You can't. It's part of the perversity that is Facebook -- in order to be able
to see (and delete-ish) the data they have about you, you need to sign up for
an account and give them more data about you.

------
gcbpp
the fact there is no "household" or "user targeting" to be found in this
comment thread with currently 265 comments tell me there are only clueless
pundits.

every single advertising company already sell advertisements by "household"
where they clump together all accounts assumed to be from one user and their
family/roommates, effectively going back to aggregate IP targeting, but not
saying its using IPs because that tarnish things with GDPR et al.

also, even if not using household, they sell by "people targeting" vs the old
"device targeting", which again breaks all account separation people here
assume.

I strongly suggest people minimally interested in privacy or advertising to
create an account with any advertising network, or at the very least look up
youtube videos on how marketers create and target campaigns.

------
mstg
Using Facebook for Business does not violate GDPR as long as it's stated in
the privacy policy. Which for example Airbnb do mention
([https://www.airbnb.com/terms/privacy_policy#sec201910_4](https://www.airbnb.com/terms/privacy_policy#sec201910_4)).

Other situations where Facebook processes data sent by third parties to show
relevant ads for said third party and not use the data to match for other ads
is also legal under GDPR, since Facebook only acts as a data processor to act
on behalf of said third party.

When ordering from Spreadshirt, you may be ordering from a partner that uses
Facebook for Business and their privacy policy apply to you.
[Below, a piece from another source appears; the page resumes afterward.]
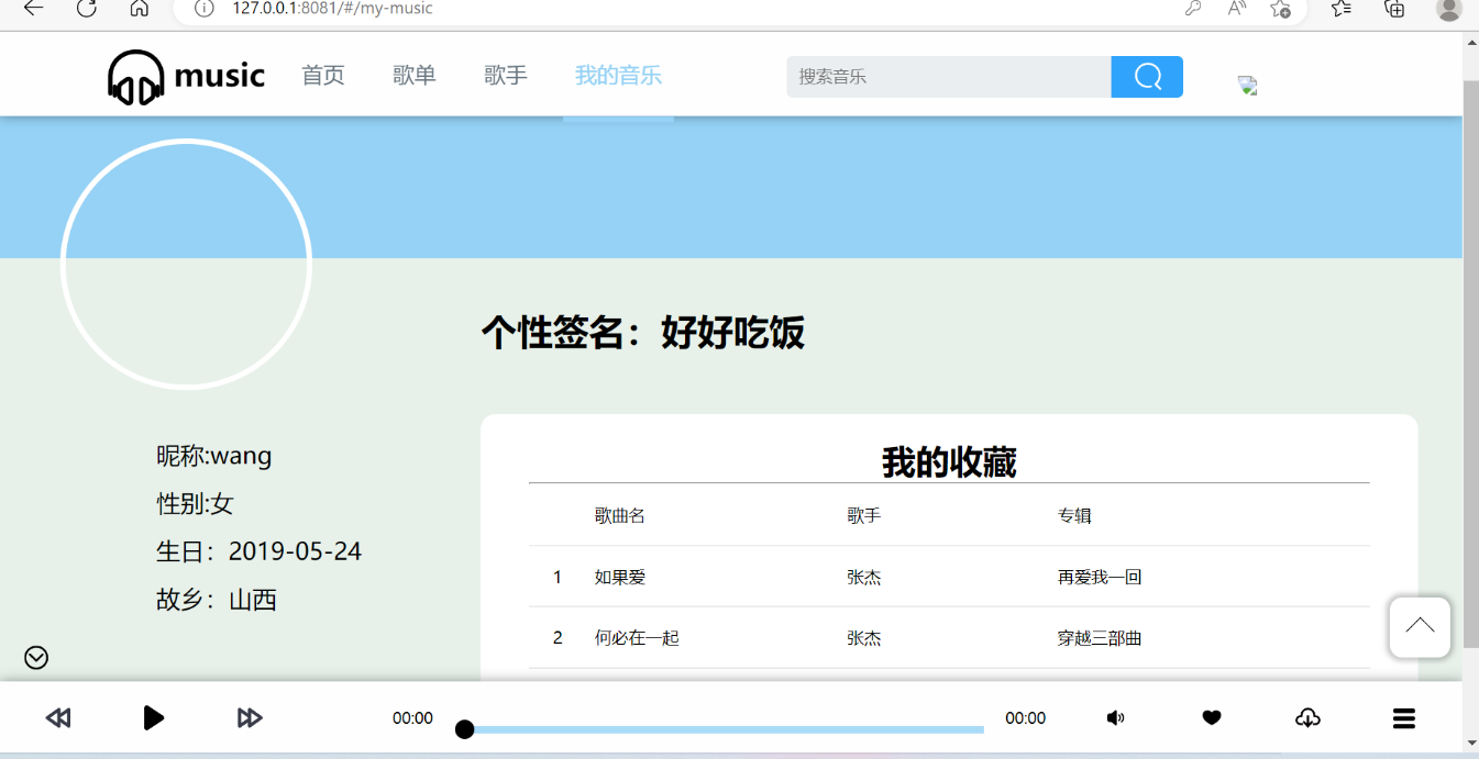 关键词:音乐网站播放器;前后端分离;Vue;Spring Boot;MySQL

This is also
stated in Spreadshirt's privacy policy.

GDPR is not an umbrella protection for all type of tracking, even though it
usually is brought up as such. It only makes sure you have insight in what is
getting shared, a way to export, modify and delete said information. In
shop/partner situations, you have to contact the partner to request deletion
as the shop is not responsible after your approval.

I may be completely wrong, but this is my general understanding.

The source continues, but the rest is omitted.